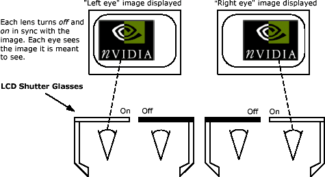Az aktív shutter lényege, hogy a vga egyszerre két képet alkot és a monitor hol az egyiket hol a másikat jeleníti meg. Itt jön be a szemüveg létfontossága, ugyanis az egyik szembe csak az egyik képet a másikba pedig a másikat engedi. Ezt képzeljük el úgy, hogy van egy "A" és egy "B" képünk. Abban a pillanatban amikor az "A" kép van a monitoron, a szemüveg bal lencséje sötétül el, amikor pedig a "B" van megjelenítés alatt, akkor pedig a bal, így biztosítva az, hogy egyszerre csak az egyik szemünk az egyik képet lássa. Ezért van szükség a 120Hz-re, mert ez ilyenkor feleződik és így az egyik szemünkre 60Hz jut.
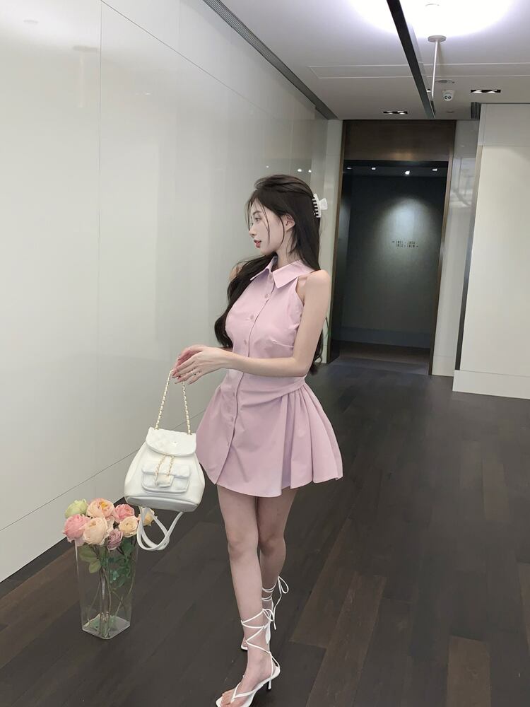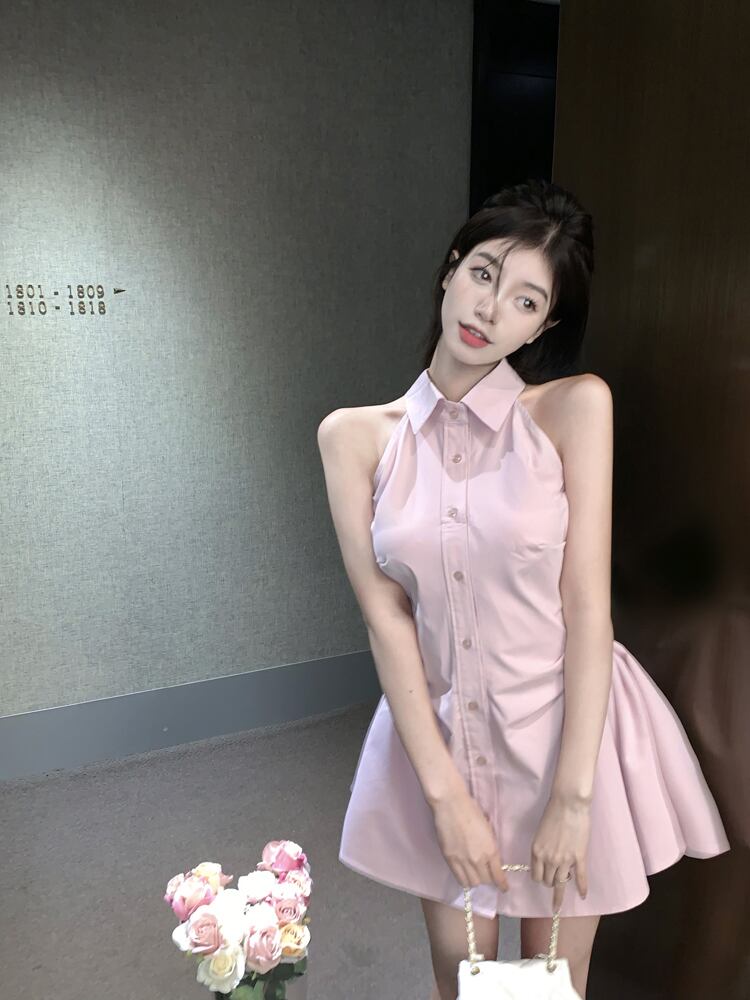 Pure desire style pink polo collar halter dress women's summer 2022 new design waist a-line shirt skirt ピンク サマー 夏物 スカート Aライン 0921973957072111
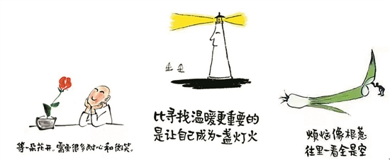 亲爱的同学,步入大学,我们也悄然成年。竞争会有压力,实验项目会有失败,种种烦恼会悄无声息地袭来,我希望你能用耐心与乐观武装自己,去勇渡险滩,勇攀高峰,去欣赏日出日落、云卷云舒。相信我,你滋育着的人生之花,有一天终将绽放。正如这幅漫画:“烦恼像根葱,往里一看全是空。”希望你能耐心、乐观地面对困难,渡过难关,静待花开。
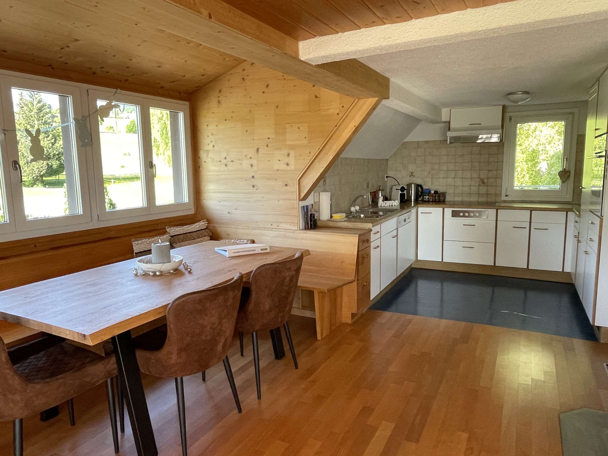 Lage & Umgebung: Wanderwege starten direkt vor der Tür, der Bodensee ist nur 5 km entfernt. In Heiden gibt es ein Freibad mit Sommerkino, das Appenzeller Heilbad liegt gleich in der Nähe. Coop, Migros und ein Volg mit langen Öffnungszeiten sorgen für gute Einkaufsmöglichkeiten.
——————
**Required action**
In full and without changes, repeat the listing above, but not its pictures.

**Task output**
Az aktív shutter lényege, hogy a vga egyszerre két képet alkot és a monitor hol az egyiket hol a másikat jeleníti meg. Itt jön be a szemüveg létfontossága, ugyanis az egyik szembe csak az egyik képet a másikba pedig a másikat engedi. Ezt képzeljük el úgy, hogy van egy "A" és egy "B" képünk. Abban a pillanatban amikor az "A" kép van a monitoron, a szemüveg bal lencséje sötétül el, amikor pedig a "B" van megjelenítés alatt, akkor pedig a bal, így biztosítva az, hogy egyszerre csak az egyik szemünk az egyik képet lássa. Ezért van szükség a 120Hz-re, mert ez ilyenkor feleződik és így az egyik szemünkre 60Hz jut.
 Pure desire style pink polo collar halter dress women's summer 2022 new design waist a-line shirt skirt ピンク サマー 夏物 スカート Aライン 0921973957072111
 亲爱的同学,步入大学,我们也悄然成年。竞争会有压力,实验项目会有失败,种种烦恼会悄无声息地袭来,我希望你能用耐心与乐观武装自己,去勇渡险滩,勇攀高峰,去欣赏日出日落、云卷云舒。相信我,你滋育着的人生之花,有一天终将绽放。正如这幅漫画:“烦恼像根葱,往里一看全是空。”希望你能耐心、乐观地面对困难,渡过难关,静待花开。
 Lage & Umgebung: Wanderwege starten direkt vor der Tür, der Bodensee ist nur 5 km entfernt. In Heiden gibt es ein Freibad mit Sommerkino, das Appenzeller Heilbad liegt gleich in der Nähe. Coop, Migros und ein Volg mit langen Öffnungszeiten sorgen für gute Einkaufsmöglichkeiten.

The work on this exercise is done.